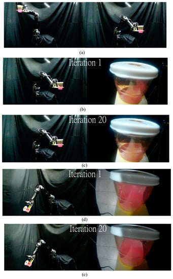 Figure 11 demonstrates the experimental results of applying the VH-ILC-EJ method to the laboratory-developed 6-DOF robotic arm with Kp = 1.2, Kd = 0.3, Ka = 1, and λk = 10. Figure 11a shows two screenshots of a scenario where the robotic arm moves a cup filled with liquid. Figure 11b,c are screenshots of the movements of iterations 1 and 20 for the experiment to validate the effects of VMD-HHT. Iteration 1, considered the ILC, is not implemented, while iteration 20, as the VH-ILC-ET method, is implemented. The experimental results show that the liquid in the container is more stable when implementing the VH-ILC-EJ method, demonstrating a vibration suppression ability. Figure 11d,e are screenshots of the movements of iterations 1 and 20 for the experiment to validate the effects of ILC. Iteration 1, considered the ILC, is not implemented, while iteration 20, as the ILC is implemented. The liquid in the container is more stable when the ILC is implemented. From Figure 11c,e, the VH-ILC-EJ method performs better than ILC-EJ method.
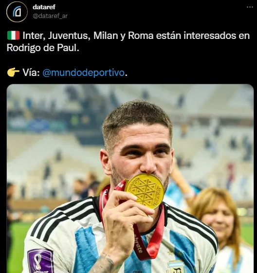 De hecho, en las últimas semanas previas a la Copa del Mundo, desde medios del país ibérico informaron que Atlético Madrid había decidido vender a De Paul este mercado de pases. Y tras la Copa del Mundo con la tercera estrella bordada encima del escudo argentino, no tardaron en llegar pretendientes por su pase desde Italia, en donde supo tener un gran nivel vistiendo los colores del Udinese.
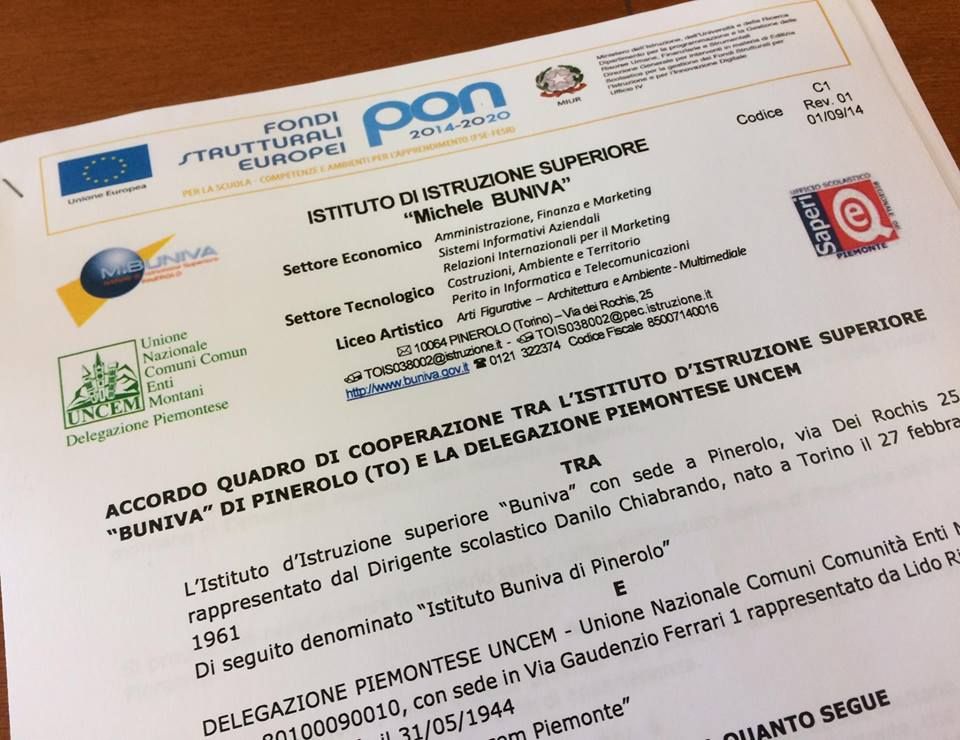 L'Uncem e l'istituto d'istruzione superiore Buniva di Pinerolo hanno sottoscritto un protocollo d'intesa per aumentare le opportunità formative e favorire, nelle aree montane, l'alternanza scuola-lavoro, con appositi progetti che verranno costruiti nei prossimi anni scolastici per i corsi dei settori tecnologico, artistico, economico. A firmare l'accordo sono stati il Dirigente scolastico del Buniva Danilo Chiabrando e Lido Riba, presidente Uncem Piemonte.
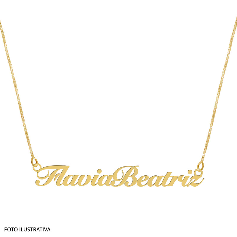 Colar em Prata Revestido com Ouro 18K Veneziana com Manuscrito Nome Composto 45cm 00100
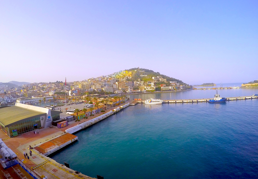 Kuşadası is the third largest port in Turkey and as a cruise ship port I welcomes 400-500 ships per year. The city however deserves a two week destination visit, because of its magnificent beaches, unparalleled shopping, great hotels, splendid nightlife and some of the best spellbinding archeological finds anywhere in the world..
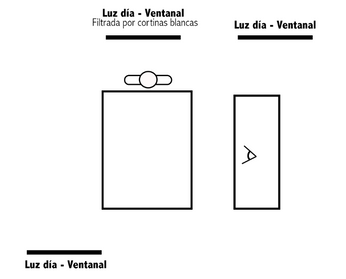 A partir del análisis de la foto de Dicorcia, comenzamos a pensar en el antes y el después de la situación retratada en esa foto. Coincidimos en la idea de cotidianidad, de generar un ambiente intimo. Es por eso que buscamos una cámara estática como "espiando" el día de cumpleaños de unx de lxs dos personajes. Inspirándonos en el anonimato de la foto de referencia, elegimos conservar esa característica a lo largo de todo el registro, siendo esta persona anónima la que retrata al personaje principal en este día. A partir de la presencia de la cámara de fotos en la obra original, transpusimos esta idea incorporando en el registro la idea de fotos tomadas por el personaje anónimo a través de la situación. Utilizamos planos mas amplios para el registro en video y planos cortos para las fotos, generando una cercanía entre ambos personajes. En relación a la iluminación generamos un ambiente de luz natural, utilizando ventanas amplias y rebotes para generar un clima de mañana.
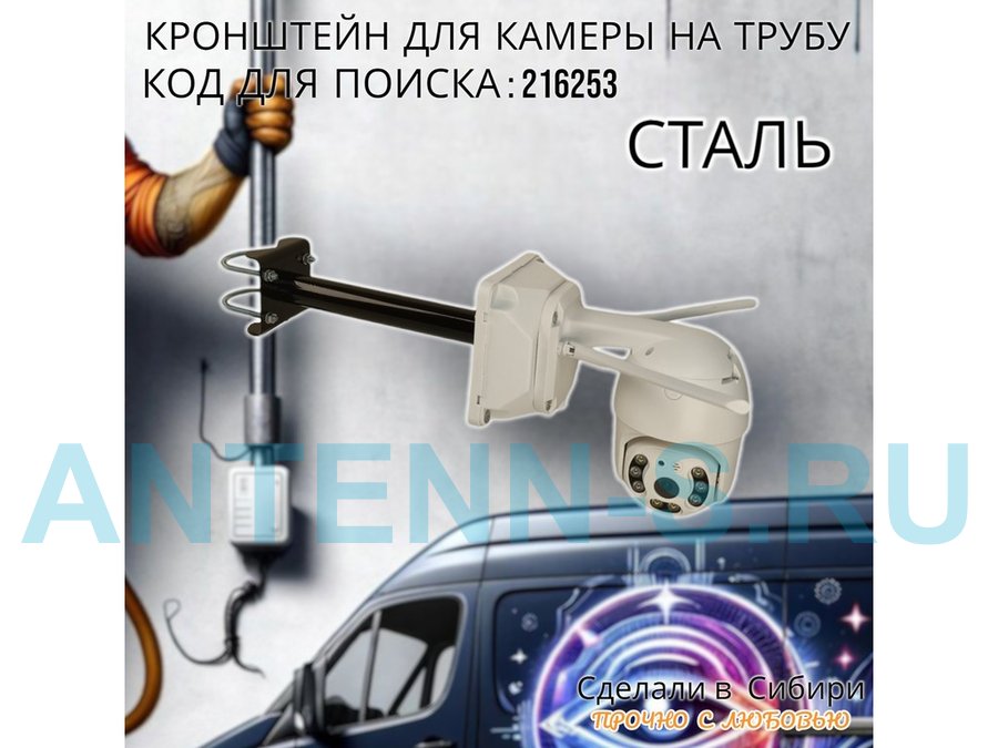- Позволяет закрепить камеру на столбе забора, мачте, трубе, настенном кронштейне, коньковом антенном кронштейне.
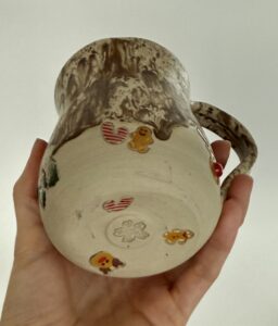 Ce mug a été conçu et réalisé entièrement à la main en argile de grès durable et fini avec un émaillage de qualité alimentaire et il passe sans problème au lave-vaisselle. Il a été conçu pour un usage quotidien.
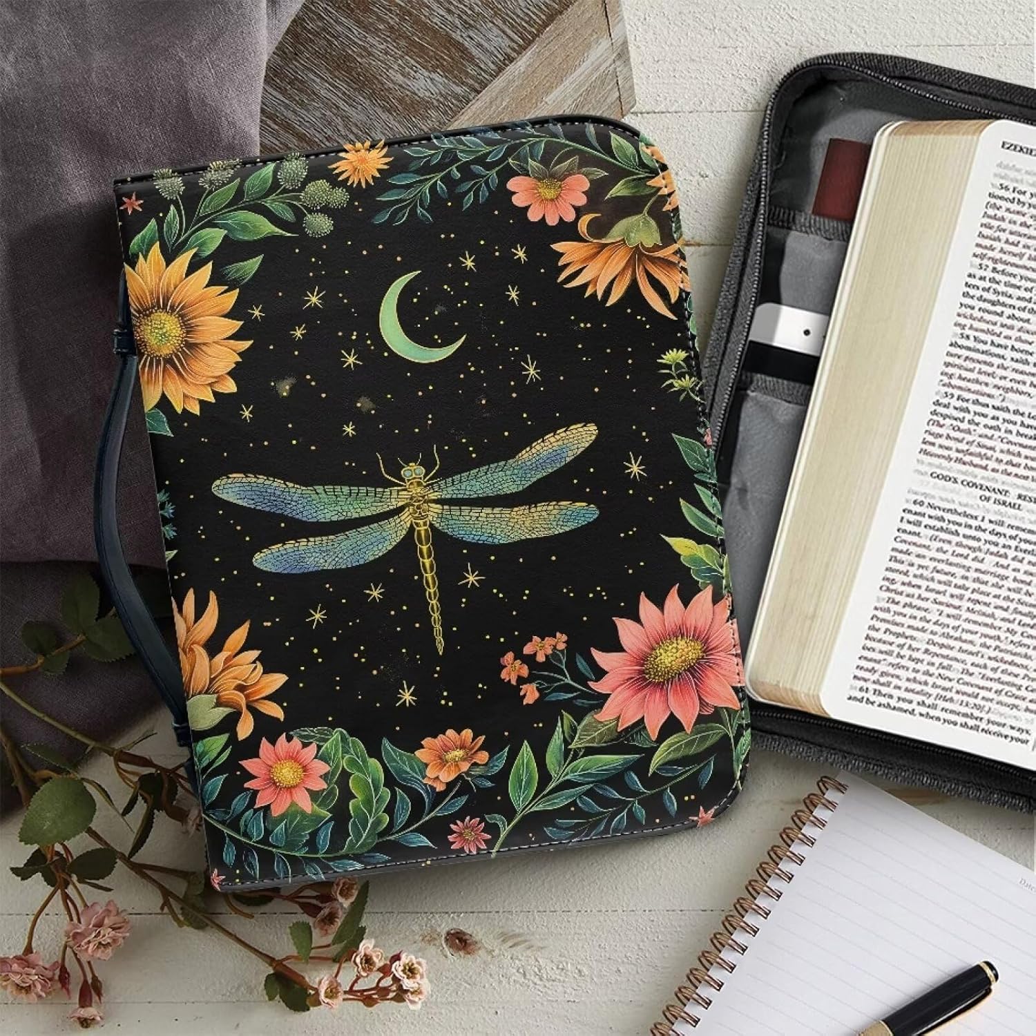 Dragonfly Moon - Custodia grande per libri con cerniera, con scomparti per penne e tasca, regalo per donne, taglia M
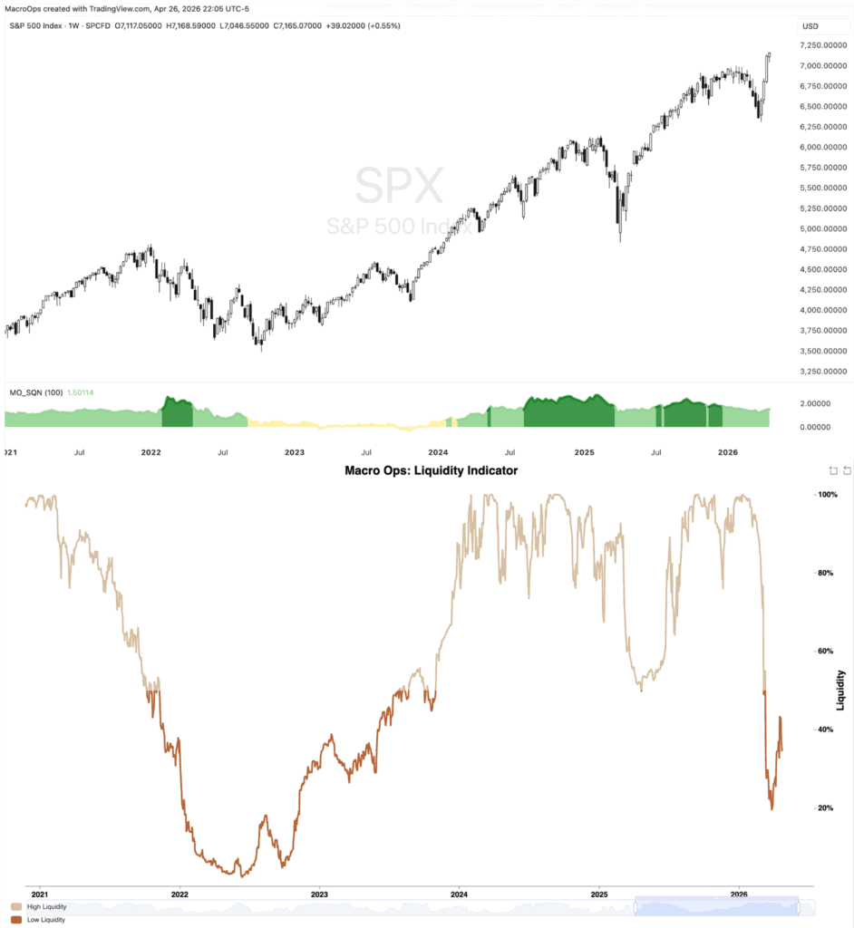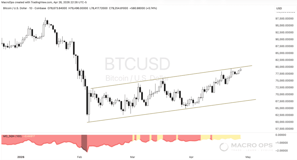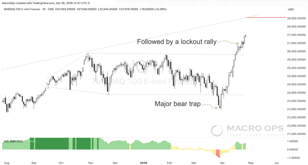 3. The NQ100 weekly is a great-looking chart. Tight 7-month sideways compression, textbook bear trap reversal, lockout bull market rally. We flipped long a bunch of AI/semi names on the reversal over the past two weeks — respect for the tape, plus the technical setups were there. Anthropic’s Mythos announcement — likely the most significant step-function model improvement in a while — is adding serious juice to the AGI narrative.
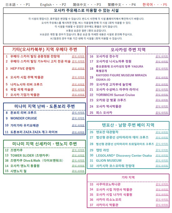 ▪️오사카 주유 패스 소지자는 운영 시간 동안 각 시설에 입장할 수 있으며, 모든 주요 교통 수단의 첫 번째 열차부터 막차 열차까지 이용하실 수 있습니다.
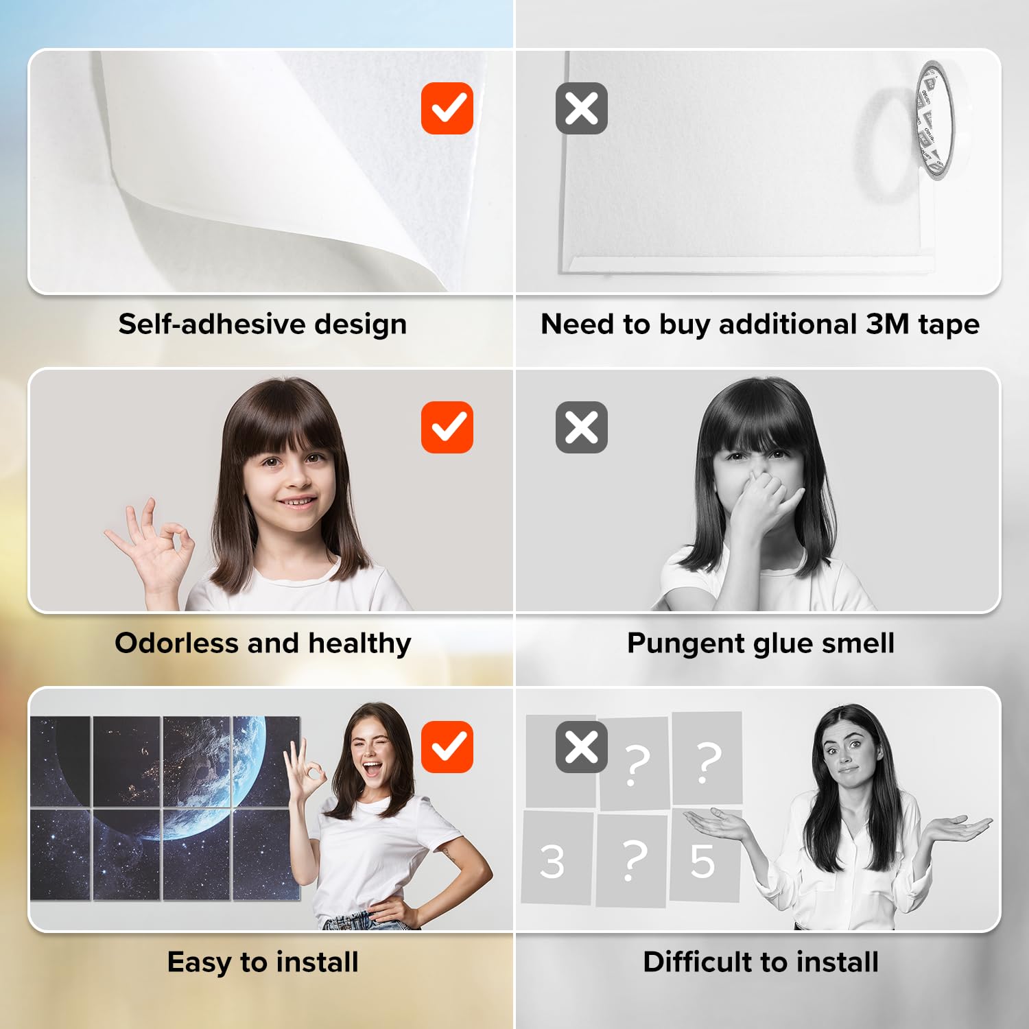 - 【Easy Installation, No Hassle】Our soundproof wall art panels feature with self-adhesive glue on the back, you can quick and easy to install, with no major renovation required. Simply hang them on your walls or ceiling to improve acoustics, transforming your space effortlessly—saving you time and effort.
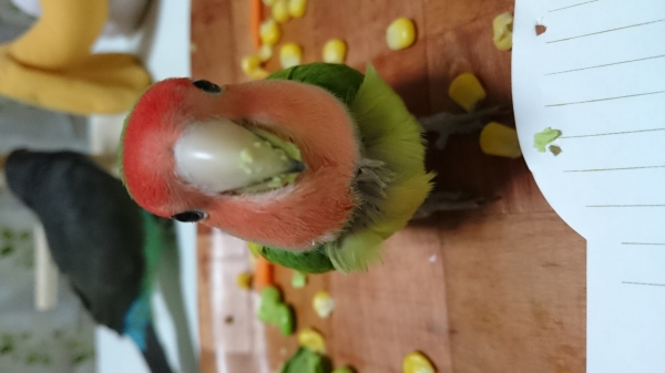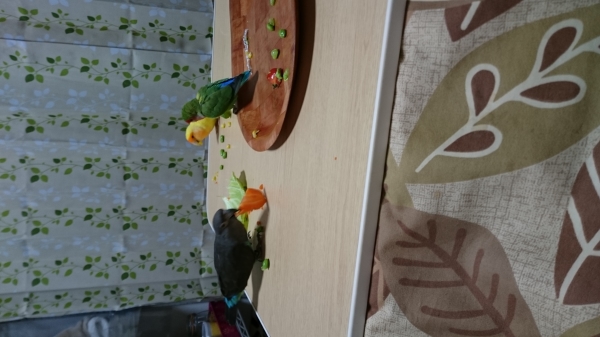 放鳥時トレーに人参やミックスベジタブル等を置いておくと三羽で必死に食べています
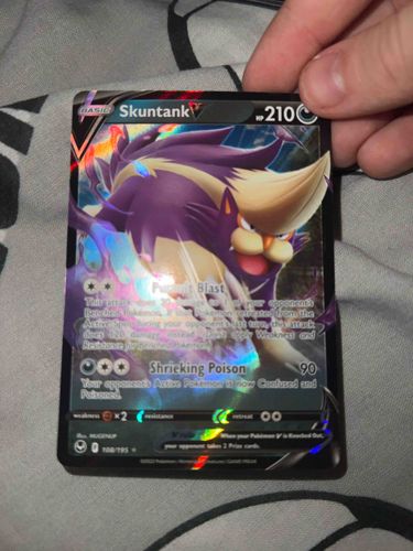 This is a Skuntank V Pokémon trading card from the 'Silver Tempest' expansion set, released in 2022. The card features vibrant, dynamic artwork by MUGENUP, depicting the Skuntank character lunging forward with energy effects. As a 'V' card, it possesses a holographic foil finish that produces a rainbow-like sheen when catching the light. The card displays a Darkness-type classification with 210 HP and includes two specific attacks: 'Pursuit Blast' and 'Shrieking Poison'. The bottom left corner identifies it as card number 108/195. Physically, the card appears to have standard rounded corners and a black border typical of V-series cards from the Sword & Shield era. Regarding condition, there is visible edge wear and whitening, particularly on the top right corner and along the upper edge where it is being held. The surface shows some light smudging and minor vertical scratches consistent with handling without a protective sleeve. The centering seems slightly weighted towards the bottom, but generally acceptable for a modern mass-produced card. This is a common Ultra Rare card highly recognizable to collectors of the modern Pokémon TCG.

▸ Assigned task:
For every entry above, write it out exactly and remove any image.

▸ Answer space:
 Figure 11 demonstrates the experimental results of applying the VH-ILC-EJ method to the laboratory-developed 6-DOF robotic arm with Kp = 1.2, Kd = 0.3, Ka = 1, and λk = 10. Figure 11a shows two screenshots of a scenario where the robotic arm moves a cup filled with liquid. Figure 11b,c are screenshots of the movements of iterations 1 and 20 for the experiment to validate the effects of VMD-HHT. Iteration 1, considered the ILC, is not implemented, while iteration 20, as the VH-ILC-ET method, is implemented. The experimental results show that the liquid in the container is more stable when implementing the VH-ILC-EJ method, demonstrating a vibration suppression ability. Figure 11d,e are screenshots of the movements of iterations 1 and 20 for the experiment to validate the effects of ILC. Iteration 1, considered the ILC, is not implemented, while iteration 20, as the ILC is implemented. The liquid in the container is more stable when the ILC is implemented. From Figure 11c,e, the VH-ILC-EJ method performs better than ILC-EJ method.
 De hecho, en las últimas semanas previas a la Copa del Mundo, desde medios del país ibérico informaron que Atlético Madrid había decidido vender a De Paul este mercado de pases. Y tras la Copa del Mundo con la tercera estrella bordada encima del escudo argentino, no tardaron en llegar pretendientes por su pase desde Italia, en donde supo tener un gran nivel vistiendo los colores del Udinese.
 L'Uncem e l'istituto d'istruzione superiore Buniva di Pinerolo hanno sottoscritto un protocollo d'intesa per aumentare le opportunità formative e favorire, nelle aree montane, l'alternanza scuola-lavoro, con appositi progetti che verranno costruiti nei prossimi anni scolastici per i corsi dei settori tecnologico, artistico, economico. A firmare l'accordo sono stati il Dirigente scolastico del Buniva Danilo Chiabrando e Lido Riba, presidente Uncem Piemonte.
 Colar em Prata Revestido com Ouro 18K Veneziana com Manuscrito Nome Composto 45cm 00100
 Kuşadası is the third largest port in Turkey and as a cruise ship port I welcomes 400-500 ships per year. The city however deserves a two week destination visit, because of its magnificent beaches, unparalleled shopping, great hotels, splendid nightlife and some of the best spellbinding archeological finds anywhere in the world..
 A partir del análisis de la foto de Dicorcia, comenzamos a pensar en el antes y el después de la situación retratada en esa foto. Coincidimos en la idea de cotidianidad, de generar un ambiente intimo. Es por eso que buscamos una cámara estática como "espiando" el día de cumpleaños de unx de lxs dos personajes. Inspirándonos en el anonimato de la foto de referencia, elegimos conservar esa característica a lo largo de todo el registro, siendo esta persona anónima la que retrata al personaje principal en este día. A partir de la presencia de la cámara de fotos en la obra original, transpusimos esta idea incorporando en el registro la idea de fotos tomadas por el personaje anónimo a través de la situación. Utilizamos planos mas amplios para el registro en video y planos cortos para las fotos, generando una cercanía entre ambos personajes. En relación a la iluminación generamos un ambiente de luz natural, utilizando ventanas amplias y rebotes para generar un clima de mañana.
- Позволяет закрепить камеру на столбе забора, мачте, трубе, настенном кронштейне, коньковом антенном кронштейне.
 Ce mug a été conçu et réalisé entièrement à la main en argile de grès durable et fini avec un émaillage de qualité alimentaire et il passe sans problème au lave-vaisselle. Il a été conçu pour un usage quotidien.
 Dragonfly Moon - Custodia grande per libri con cerniera, con scomparti per penne e tasca, regalo per donne, taglia M
 3. The NQ100 weekly is a great-looking chart. Tight 7-month sideways compression, textbook bear trap reversal, lockout bull market rally. We flipped long a bunch of AI/semi names on the reversal over the past two weeks — respect for the tape, plus the technical setups were there. Anthropic’s Mythos announcement — likely the most significant step-function model improvement in a while — is adding serious juice to the AGI narrative.
 ▪️오사카 주유 패스 소지자는 운영 시간 동안 각 시설에 입장할 수 있으며, 모든 주요 교통 수단의 첫 번째 열차부터 막차 열차까지 이용하실 수 있습니다.
 - 【Easy Installation, No Hassle】Our soundproof wall art panels feature with self-adhesive glue on the back, you can quick and easy to install, with no major renovation required. Simply hang them on your walls or ceiling to improve acoustics, transforming your space effortlessly—saving you time and effort.
 放鳥時トレーに人参やミックスベジタブル等を置いておくと三羽で必死に食べています
 This is a Skuntank V Pokémon trading card from the 'Silver Tempest' expansion set, released in 2022. The card features vibrant, dynamic artwork by MUGENUP, depicting the Skuntank character lunging forward with energy effects. As a 'V' card, it possesses a holographic foil finish that produces a rainbow-like sheen when catching the light. The card displays a Darkness-type classification with 210 HP and includes two specific attacks: 'Pursuit Blast' and 'Shrieking Poison'. The bottom left corner identifies it as card number 108/195. Physically, the card appears to have standard rounded corners and a black border typical of V-series cards from the Sword & Shield era. Regarding condition, there is visible edge wear and whitening, particularly on the top right corner and along the upper edge where it is being held. The surface shows some light smudging and minor vertical scratches consistent with handling without a protective sleeve. The centering seems slightly weighted towards the bottom, but generally acceptable for a modern mass-produced card. This is a common Ultra Rare card highly recognizable to collectors of the modern Pokémon TCG.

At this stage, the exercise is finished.